Since that all FPGA code is implemented in HDL, without embedded software processors included, the overall expected latency introduced by the processing modules is within the few nanoseconds range, taking into account the 400-MHz sampling clock. Also, the DTS filter introduces a very few latencies (taking into account the small delay parameters value) when compared with other digital filters [15] . Nevertheless, the latency introduced by data streaming to host (event-based and PSD data) depends on the expected count rate. Data are streamed when the DMA packet is filled or after a predefined timeout. Concerning the PHS module, expected to be periodically streamed (e.g., 2-ms cycle time), it requires more demanding calculations to fill the histogram buffers size. Thus, 200 ns of delay are currently introduced to process the 256-bin histograms, however, not relevant when compared with the milliseconds cycle time range.
VIII. CONCLUSION This paper presents the FPGA code developed for RNC front-end electronics prototype.
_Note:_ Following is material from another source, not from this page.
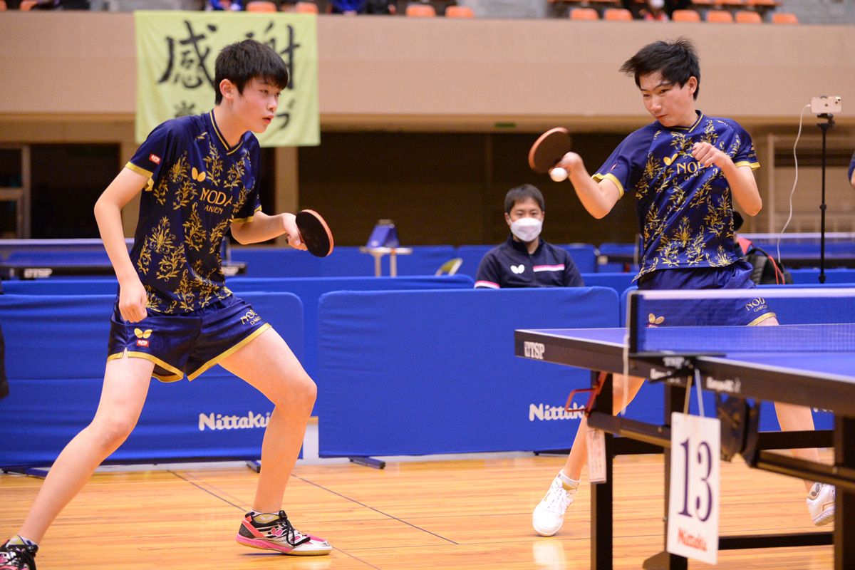 思い切りのいい郡司のバックハンドと安定感のある月原のフォアハンドで愛工大名電中ペアが2対1とリードしたが、中判から伊藤の台上プレーと岡本の両ハンド攻撃の連係がかみ合ってきた木下アカデミーペアが優勢に。最終ゲームは5対0とリードした木下アカデミーペアが、郡司/月原の追い上げを振り切って初優勝を手にした。

The code foresees to acquire, process, and store in real time the neutron and gamma events from the detectors located in collimated LOS viewing a poloidal plasma section. It was implemented and tested in an evaluation board from Xilinx (KC705) carrying an IPFN FPGA Mezzanine Card (FMC-AD2-1600) with two digitizer channels of 12-bit resolution sampling up to 1.6 Gsamples/s. After signal conditioning, dedicated algorithms are used foreseeing event detection, filtering, PU detection, and real-time processing (event storage, PSD, and PHS). Three distinct × 8 Gen2 DMA channels were implemented. Two DMAs are responsible for real-time data streaming (event-based and PSD or PHS processed data), and the third DMA for the status word, avoiding the concurrent access of reading requests. The code was successfully tested with synthetic data from a CAEN emulator in the laboratory, allowing a maximum throughput of 1600 MB/s (the maximum possible for two channels 400-MHz continuous acquisition). Concerning the PSD algorithm, it is possible to conclude that PSD relation factors from FPGA provide successful neutron/gamma discrimination, when compared with postprocessing methods. However, it was observed that PU detection slightly reduces for filtered data, when compared with postprocessed event data from the same acquisition. This is due to the signal smoothing effect introduced by the DTS filter. New methods were identified capable to overcome this undesired effect in the presence of PU. The PHS algorithm was successfully implemented and tested at FPGA, which results are in agreement with postprocessing PHS using event data. However, it was concluded that PHS at FPGA might be impractical in experiments with the higher fluctuation of the separation slopes (e.g., signal gain changes). Thus, the best compromise is to stream the PSD packets through DMA 1 for PHS postprocessing at the host.